The Smith–Waterman algorithm (Smith and Waterman, 1981) is a dynamic programming tool that is used for local alignment, to compare molecular sequences of any length with an aim to identify the conserved region(s). It is a modified form of the Needleman–Wunsch algorithm, where tracing back is stopped as soon as a score of zero (0) is encountered in the path.
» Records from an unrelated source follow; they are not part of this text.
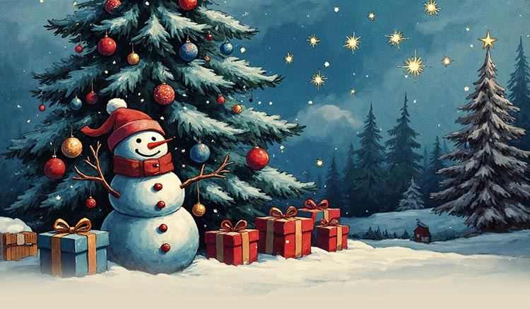 Celebrate the season with this heartwarming email background featuring a cheerful snowman, twinkling stars, and a beautifully decorated Christmas tree surrounded by gifts. Perfect for spreading festive joy in every message you send.
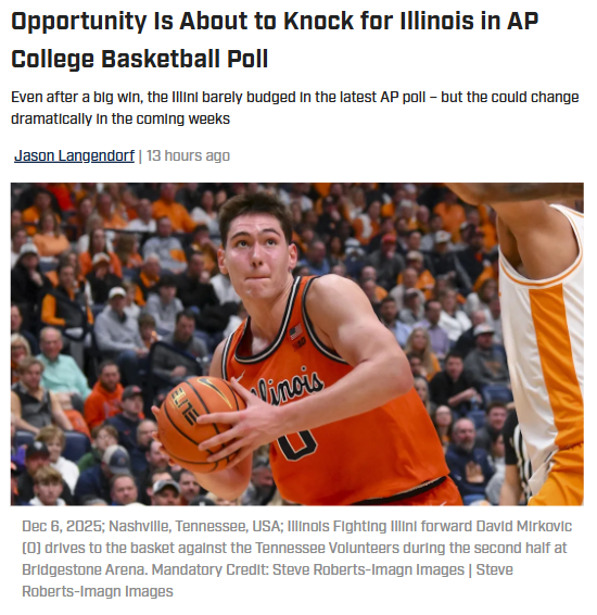 GalacticGiraffe+FollowIllinois hoops: Ready for a rankings leap?Illinois basketball just knocked off Tennessee and sits at No. 13 in the latest AP poll, but fans are buzzing about whether that’s high enough. With a strong non-conference run and only a few tough games ahead, the Illini could be primed for a big jump—if higher-ranked teams slip up. The next stretch is a golden opportunity, especially with Nebraska and Ohio State on deck. Is this the year Illinois finally breaks into the top 10, or are we still waiting for that signature run? Let’s hear your thoughts: is No. 13 fair, or should the Illini be higher? #Sports #IllinoisBasketball #APPoll00Share
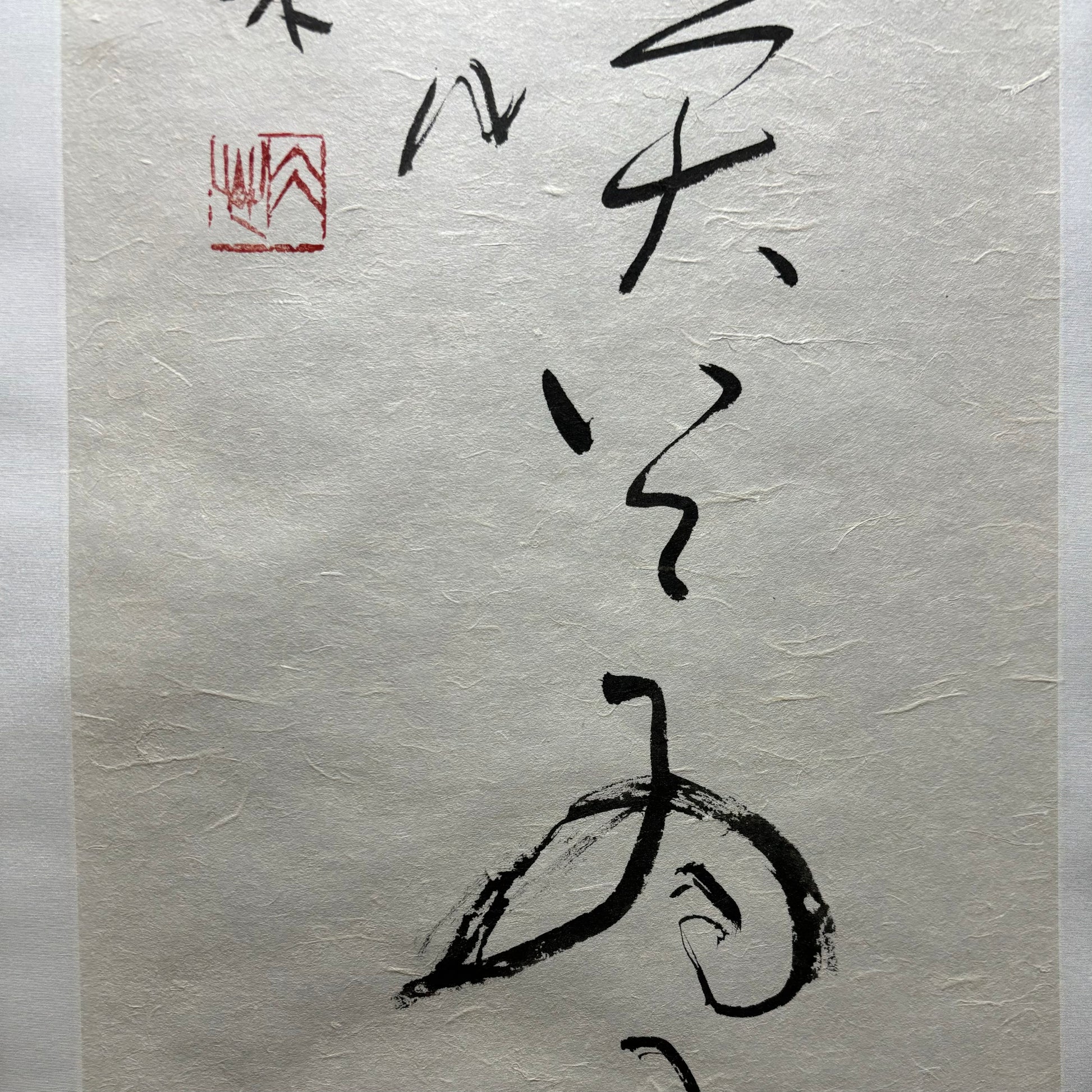 Staff Comment Thinking about being drawn on a larger scale, this calligraphy work has certain impacts because of the size. On the other hand, soft coloration is creating a mild atmosphere. Writing in both Japanese characteristics HIragana and Chinese characteristic Kanji leads the viewer to enjoy the different use of the space. The Kakejiku works are easy to put away. I would recommend changing and enjoying Kakejiku works when the use and atmosphere for example,the season change. The line changes depending on the feature of a brush. I would like you to see and feel the special texture created by feathers. |
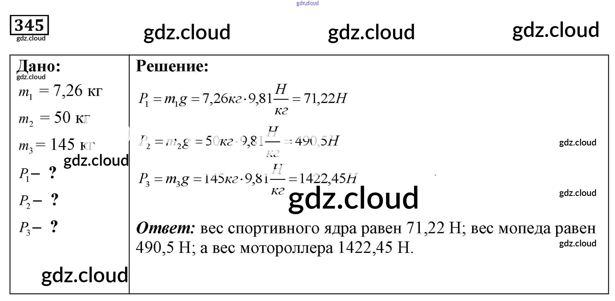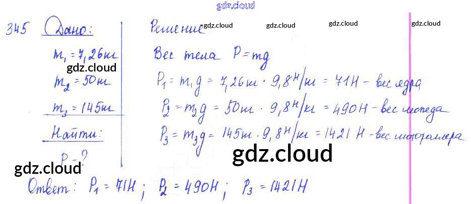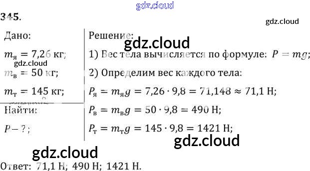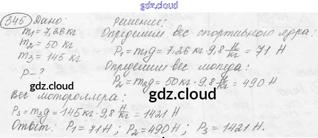 Ответ на задание 345 Сборник задач Физика за 7, 8, 9 (седьмой, восьмой, девятый) класс Лукашик, Иванова 2011
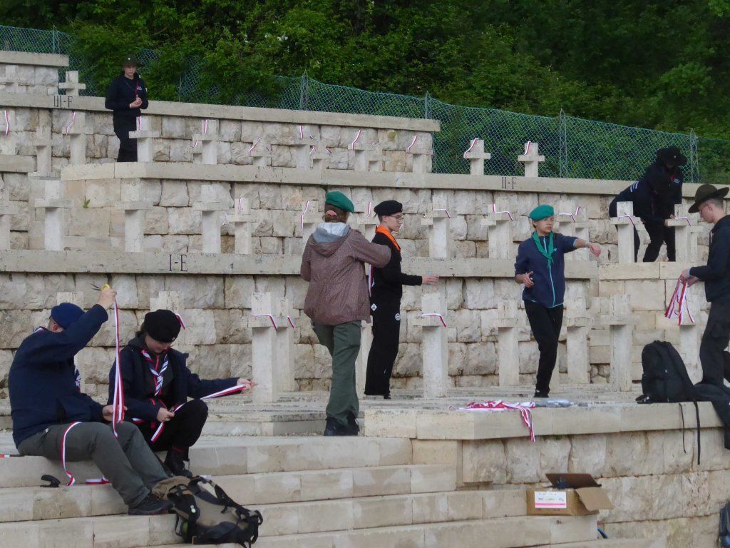 Dann fahren wir zum polnischen Friedhof. Eine Gruppe Pfadis schmückt die über 1000 Gräber mit rotweissen Bändern. Im kleinen Museum erhalten wir die Geschichte des 2. polnischen Korps auf italienisch. Zum Glück verstehe ich dazwischen einige Brocken und kann ganz verständnisvoll dreinblicken. Dieses Corps bestand aus polnischen Strafgefangenen in Russland, die dann zum Kampf eingezogen wurden. Sie machten einen langen Weg und kämpften bei Montecassino gegen die Nazis. Am 18. Mai 1944 wurde klar, dass die Alliierten gegen die Nazis siegen würden, darum wurde das ein polnischer Gedenktag.
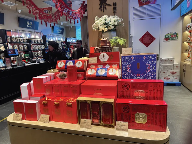 图为消费者在吴裕泰店内采购新年礼盒。
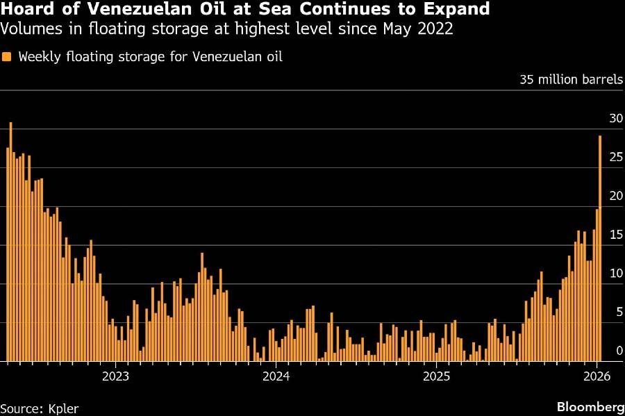 Bloomberg, Volume minyak mentah Venezuela yang terombang-ambing di laut melonjak ke level tertinggi dalam lebih dari tiga tahun setelah AS menangkap pemimpin negara itu, Nicolas Maduro, dan mengklaim kendali atas sumber daya energinya.
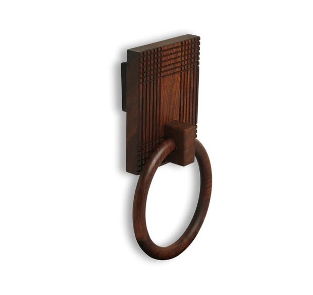 Checkered Frame Handcrafted Towel Ring Holder HandPainted Standard Wall Mount Towel Rack Hanger for Kitchen Wooden Hand Rack
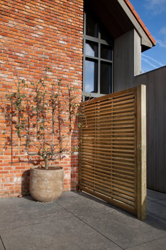 Accessoires à ajouter : poteaux 9x9cm, fixations en V ou en l
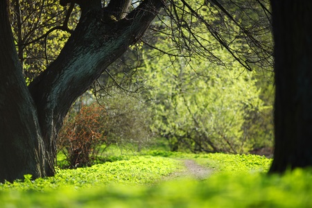 beautiful spring landscape, walking road in a park with trees on a warm spring day

The scoring is done by replacing the negative values with zeroes in a cell.

10.2 OBJECTIVE

To align two sequences (nucleotide or amino acid) to find out the local region(s) of similarity, using the Smith–Waterman algorithm.

10.3 PROCEDURE

Two sequences will be utilized for local alignment using the Smith–Waterman algorithm:

  • Seq1: CTAGTAG
  • Seq2: CAGGTAGTG

10.3.1 Step 1: scoring scheme

The award for match and penalty for mismatch and gaps (horizontal and vertical) may be modified.

  • Match score (Sij) = 2
  • Mismatch penalty (Sij) = –1
  • Gap penalty (d) = –2

Here, “i” (varying from 1, 2, …, m) and “j” (varying from 1, 2, …, n) refer to the indexes for the row and column numbers of the cell of the scoring matrix, respectively.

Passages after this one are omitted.